Allein mit der Natur.                                                                                                     Bild: Philipp Fuge

Der Weg ist nicht nur dein Zuhause, wie dein letztes Buch heißt. Er führt ja auch zu dir selbst. Du bist die meiste Zeit mit dir und der Natur allein. Ist das nicht anstrengend?
Philipp Fuge. Ja, manchmal ist das auch anstrengend, aber zugleich bedeutet es eine große Freiheit.

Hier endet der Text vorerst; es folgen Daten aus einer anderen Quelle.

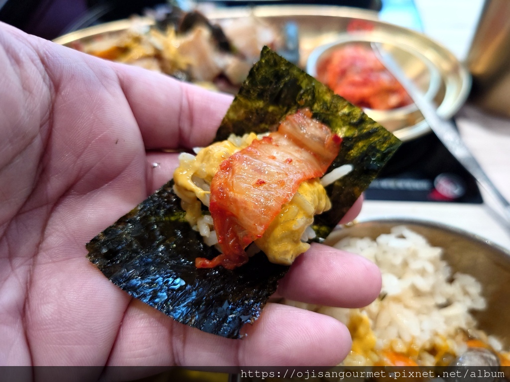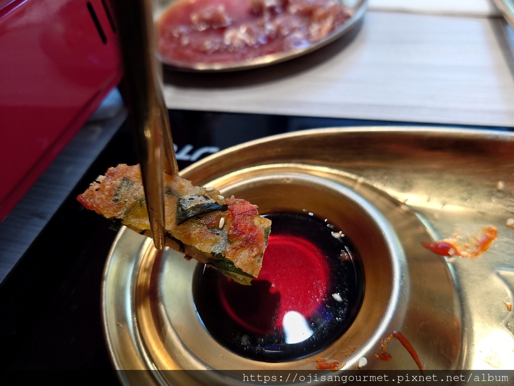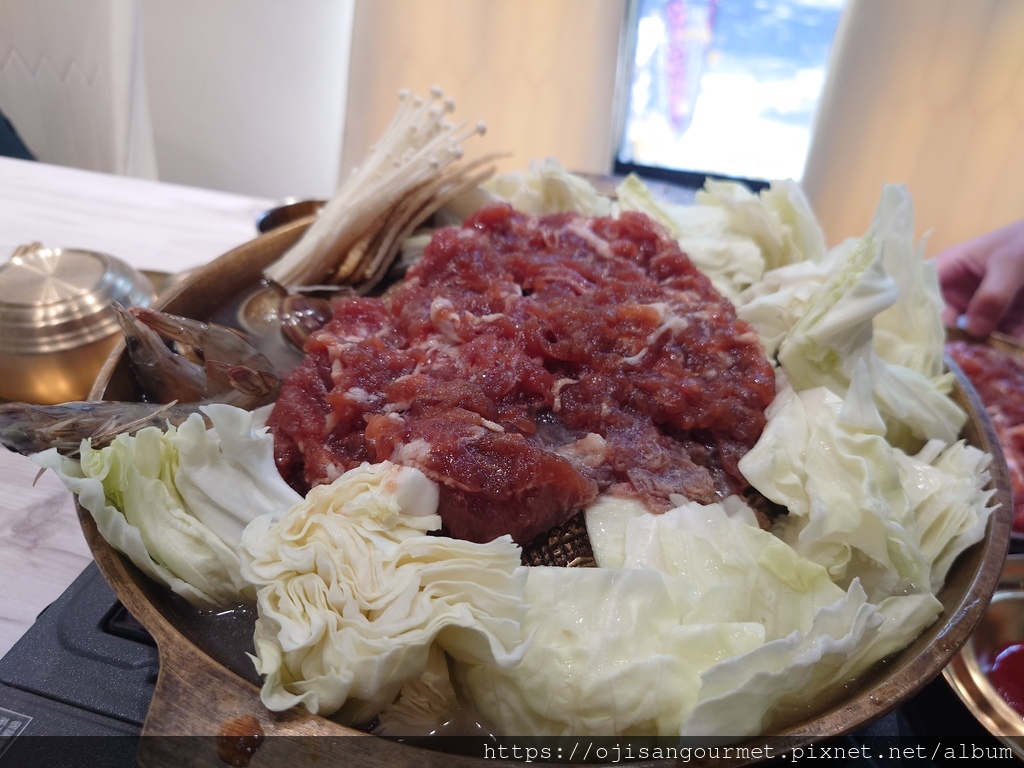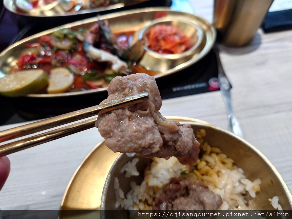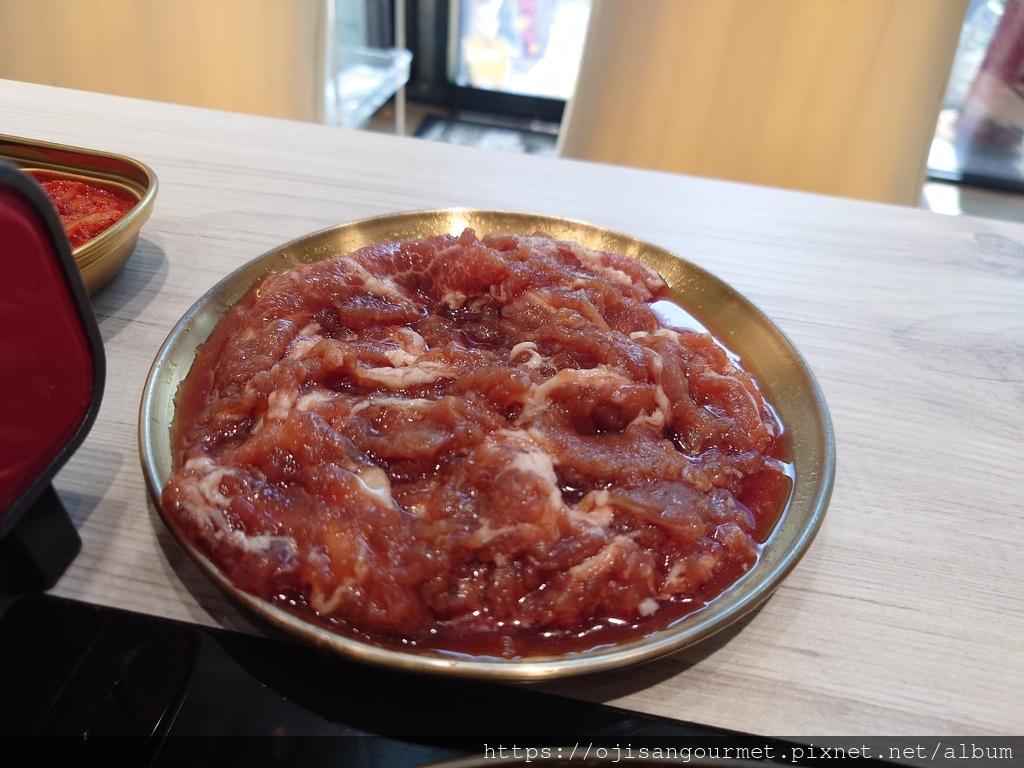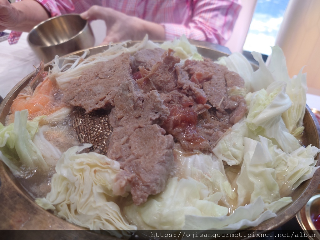 至於「銅盤烤肉」是傳統的醬料醃肉搭配一圈高麗菜,手切的肉片有厚度,外型也稍微不規則。烤到全熟後入口,很開心地發現肉質柔軟,醬汁風味偏甜不膩,搭配已經完全煮軟的高麗菜,兩種不同的甜在口腔內交織,即使還追加了一份肉,當吃下最後一片時依然感到依依不捨。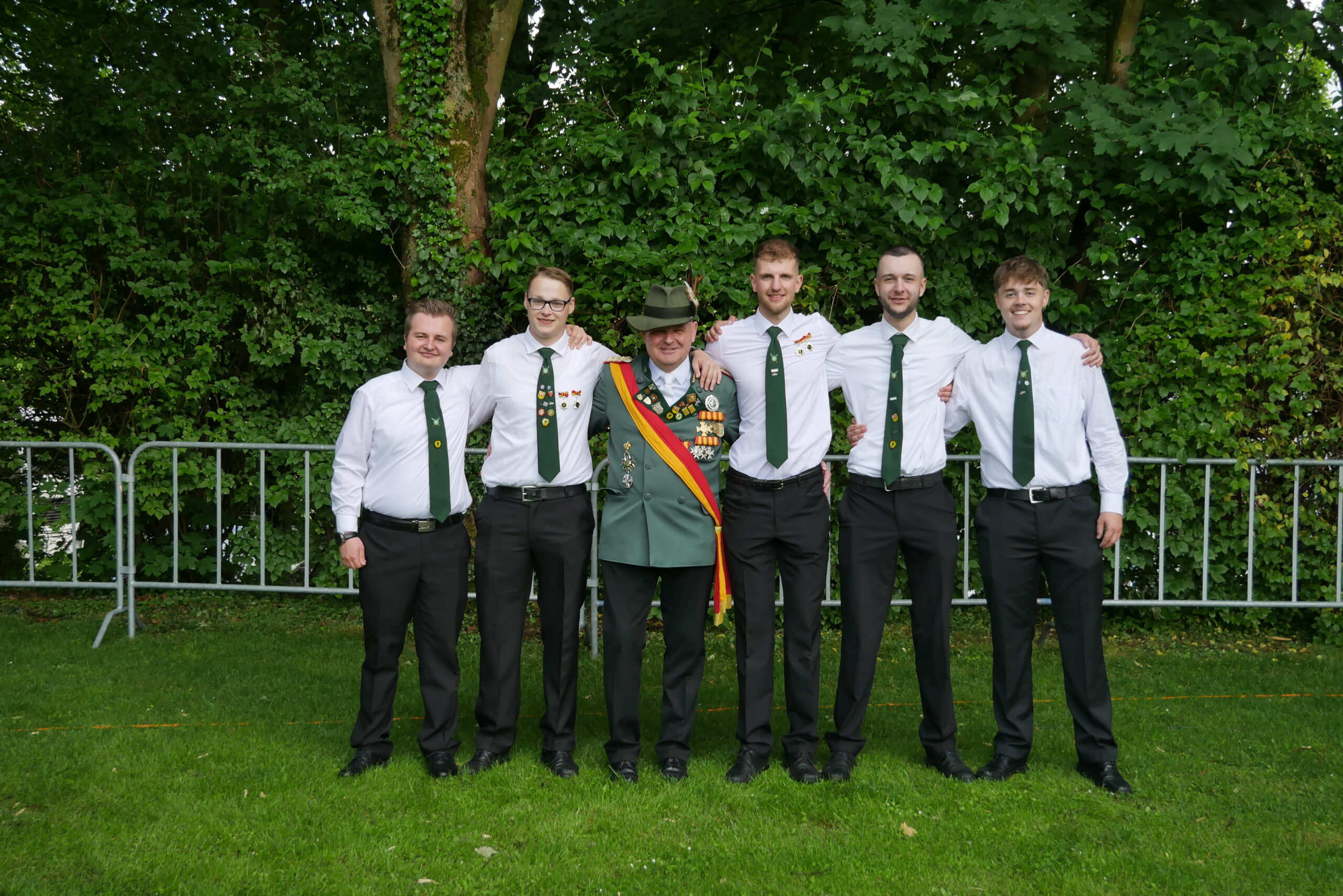 Jungschützen 2024 Lukas21 Mai 2024 v.l.n.r.: Jungschützenkronprinz: Jungschützenapfelprinz: Oberst Jungschützenkönig: Jungschützen Bierkönig: Jungschützenzepterprinz: Felix Niggemann Luca Heiermeyer Norbert Glasmeyer Julius Leiwen Nils Lübbers Marius Heiermeyer

Niemand bestimmt über mich und auch ich muss über niemanden bestimmen. Ich bin ganz allein für mich verantwortlich, kann mich an niemanden anlehnen und niemandem die Schuld in die Schuhe schieben. Wenn’s schief läuft, dann war ich das und wenn‘s gut läuft auch. Ich muss allein auf meine eigene Kraft und Entscheidungsfähigkeit vertrauen. Das ist eine gute Übung, um sich selbst besser kennen und lieben zu lernen – mit allem, was dazu gehört, auch den Schwächen und Ängsten.

„Wie ein Kind, das zum
ersten Mal die Welt entdeckt“

Die Erfahrung der Langsamkeit, auch der Monotonie ist in unserer Gesellschaft eher selten. Wir lenken uns gern ab, sind immer erreichbar und gönnen uns kaum Momente, in denen wir offline sind. Ist dein Weitwandern auch so etwas wie Flucht aus der gegenwärtigen Reiz-Überflutung?
Philipp Fuge. Ja, auf jeden Fall! Auch das ist ein Grund, warum ich manchmal gern allein unterwegs bin und das Handy oft nur zum Fotografieren nutze. Ich will keine Ablenkung von außen, ich will nur das sehen, was gerade da ist. Wenn man ganz und gar im Augenblick lebt und alles andere ausblendet, nimmt man die Umgebung viel intensiver wahr. Man lernt zu staunen und sich über alle möglichen Dinge zu freuen, die einem sonst vielleicht gar nicht aufgefallen wären. Ich fühle mich dann immer ein bisschen wie ein Kind, das zum ersten Mal die Welt entdeckt.

Landschaft mit Rucksack.                                                                                         Bild: Philipp Fuge

Was war dein schlimmstes Erlebnis auf diesem Weg?
Philipp Fuge. Einmal kamen nachts in Spanien plötzlich ein paar aggressiv grölende, betrunkene Typen an meinem Schlafplatz vorbei. Da habe ich Blut und Wasser geschwitzt. Ich hatte wirklich Angst, dass die mich anpöbeln und zusammenschlagen. Aber obwohl sie fast über mich gestolpert wären, haben sie mich nicht gesehen, und ich konnte mich aus dem Staub machen. Das war ein riesiges Glück.

Das schönste?
Philipp Fuge. An einem warmen Sommerabend mitten in Schweden. Mein Zelt stand auf einem Berg mit 360°-Fjällpanorama. Natürlich konnte ich nicht wirklich so weit gucken, doch vor meinem inneren Auge hatte ich das Gefühl, die gesamte Strecke überblicken zu können – von der Straße von Gibraltar bis ans Nordkap. Die Sonne ging unter und Rentiere kamen ganz nahe an meinen Schlafplatz. Ihre Geweihe zeichneten sich wie schwarze Scherenschnitte vor einem orangenen Streifen Abendrot ab, der über den Bergen hing. Das war kurz bevor ich die 5000 Kilometer geknackt habe. Damals war ich mir zum allerersten Mal ganz sicher, dass ich es allen Ernstes schaffen würde, Europa zu Fuß zu durchqueren. Lange Zeit hatte ich das selbst nicht für möglich gehalten und bin einfach trotzdem immer weitergelaufen.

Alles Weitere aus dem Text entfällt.